# Erweiterung eines Programms



## Generic1 (7. Aug 2008)

Hallo,

ich plane gerade ein größeres Projekt und frage mich gerade wie ich die zukünftigen Erweiterungen berücksichtigen soll,
Ich plane natürlich in die Richtung das einige Patterns verwende (wos Sinn macht) aber mir geht der Gedanke mit den Plugins nicht mehr aus dem Kopf, macht es Sinn dass ich mein Projekt in die Richtung treibe, dass ich mit plugins das Programm erweitern könnte und wieviel Aufwand steckt dahinter, das so zu Realisieren,

Es geht um eine Datenbankanbindung auf der einen Seite (Model) und dem Darstellen der Daten auf der anderen Seite (View)
Das Projekt soll dann stetig erweitert werden,

Was denkt ihr darüber? Gibts vielleicht einen Link oder ein gutes Buch zu diesem Thema?


----------



## maki (7. Aug 2008)

Man hält das  Programm am flexibelsten in dem man nur Dinge einbaut, die gebraucht werden und genügend Unittests hat um Refactoring zu ermöglichen.


----------



## Generic1 (7. Aug 2008)

UnitTest sind sowieso Standard, und ich werd auch nur programmieren, was wirklich von nöten ist, aber ich möchte mir das Erweitern so einfach wie möglich machen, wenn ein Kunde etwas will, dann soll er sich das Plugin, dass ich ihm programmiere, einfach installieren,
es geht ja auch um die Vermeidung einer Neuinstallation, 
am Besten wäre es, wenn man die Erweiterung sogar zur Laufzeit tätigen kann,

Gibts in diese Richtung einen vernünftigen Lösungsweg?


----------



## maki (7. Aug 2008)

Was, wenn sich die Basis ändert, also keines der Plugins?

Beschreib doch mal ein bisschen mehr, muss dein Tool 24/7 laufen?

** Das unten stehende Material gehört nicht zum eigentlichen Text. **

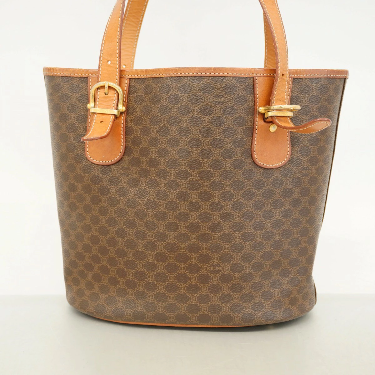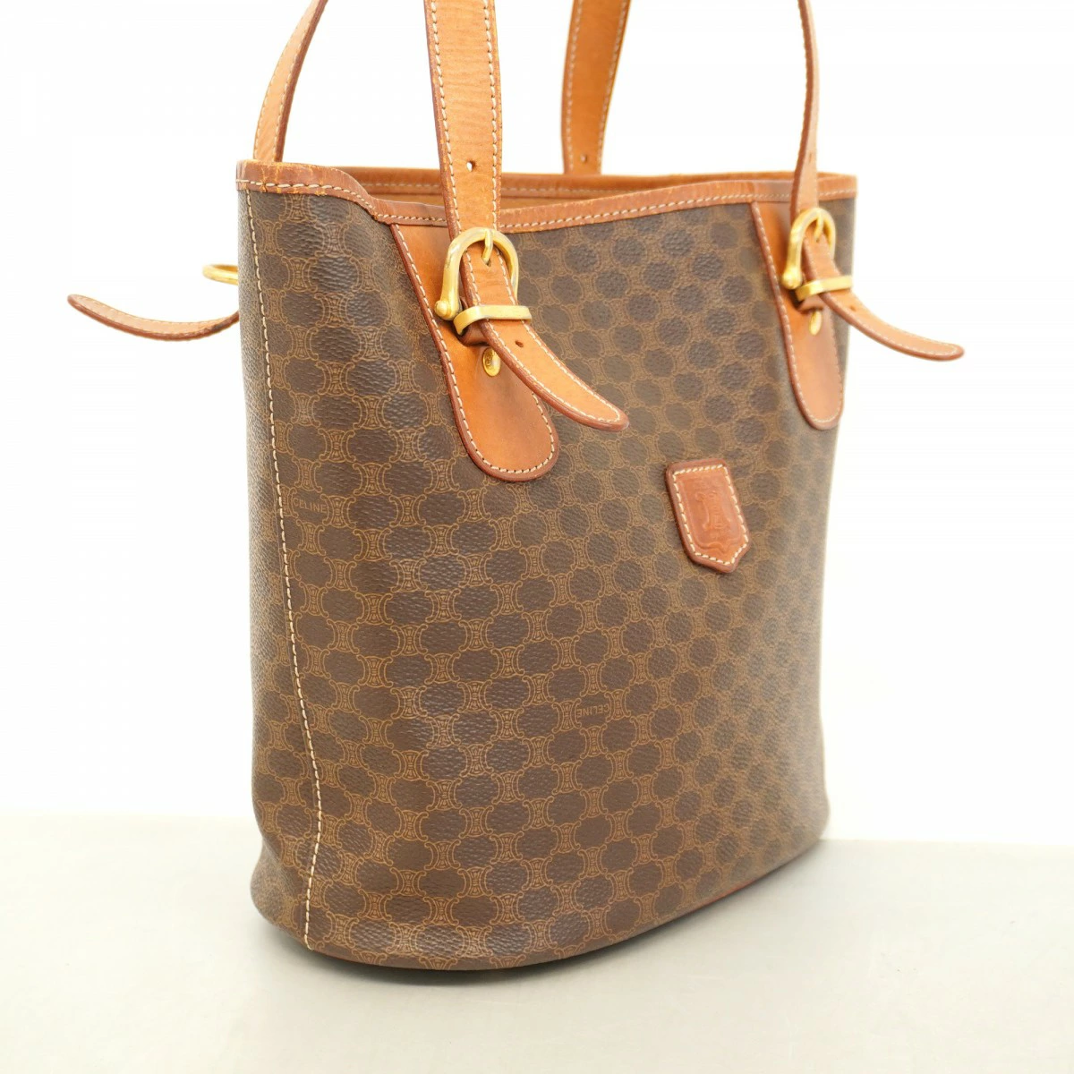 【5od3852】セリーヌ トートバッグ マカダム PVC ブラウン ゴールド金具【中古】レディース

Desktop oder Serveranwendung?


----------



## Wildcard (7. Aug 2008)

OSGi dürfte dann Mittel der Wahl sein.


----------



## Generic1 (7. Aug 2008)

maki hat gesagt.:
			
		

> Was, wenn sich die Basis ändert, also keines der Plugins?
> 
> Beschreib doch mal ein bisschen mehr, muss dein Tool 24/7 laufen?
> 
> Desktop oder Serveranwendung?




Wenn sich die Basis ändert wird nichts anderes übrigbleiben, als eine Umprogrammierung aber aus erfahrung kann ich sagen dass die Basis meistens im Großen und Ganzen bestehen bleibt und nur zusätze erwünscht werden,

Es geht um eine Server-Client Anwendung, der Server stellt Daten von einem externen Gerät zur Verfügung, Clients können sich zum Verbinden und zyklich Daten vom Server Abfragen und stellen diese mit einer Swing GUI- dar, der Server stellt übrigens auch zyklische Anfragen an das externe Gerät,


----------



## Generic1 (7. Aug 2008)

Wildcard hat gesagt.:
			
		

> OSGi dürfte dann Mittel der Wahl sein.




hab mir gerade die Erklärung in wiki durchgelesen, hört sich interessant an obwohl ich noch keinen blassen Schimmer habe, wie ich das machen soll,
das OSGi- Framework wird wohl mit sehr viel Reflection arbeiten, kann das sein?


----------



## Wildcard (7. Aug 2008)

Nur mit Reflection kannst du anhand eines zur Laufzeit gegebenen Strings eines Klassennames ein Objekt erstellen, aber das läuft alles im Hintergrund und sollte dich nicht interessieren.
Der Punkt ist, das du mit einem OSGi Framework in der Lage bist Module zur Laufzeit hinzuzufügen, zu entfernen und zu aktualisieren und ich denke, das ist was du haben wolltest.
Auch Application Server wie zB JBoss werden in Zukunft auf OSGi basieren.


----------



## Generic1 (7. Aug 2008)

steht das OSGi irgendwie im Widerspruch zum MVC Pattern oder unterstützen sich beide? 
[Diese Frage könnte allerdings jetzt völliger nonsense sein aber meine Anwendung baut jetzt auf dieses Pattern auf und ich versuch mir gerade einen Überblick zu verschaffen, wie ich das OSGi implementieren könnte]


----------



## Wildcard (7. Aug 2008)

Generic1 hat gesagt.:
			
		

> steht das OSGi irgendwie im Widerspruch zum MVC Pattern oder unterstützen sich beide?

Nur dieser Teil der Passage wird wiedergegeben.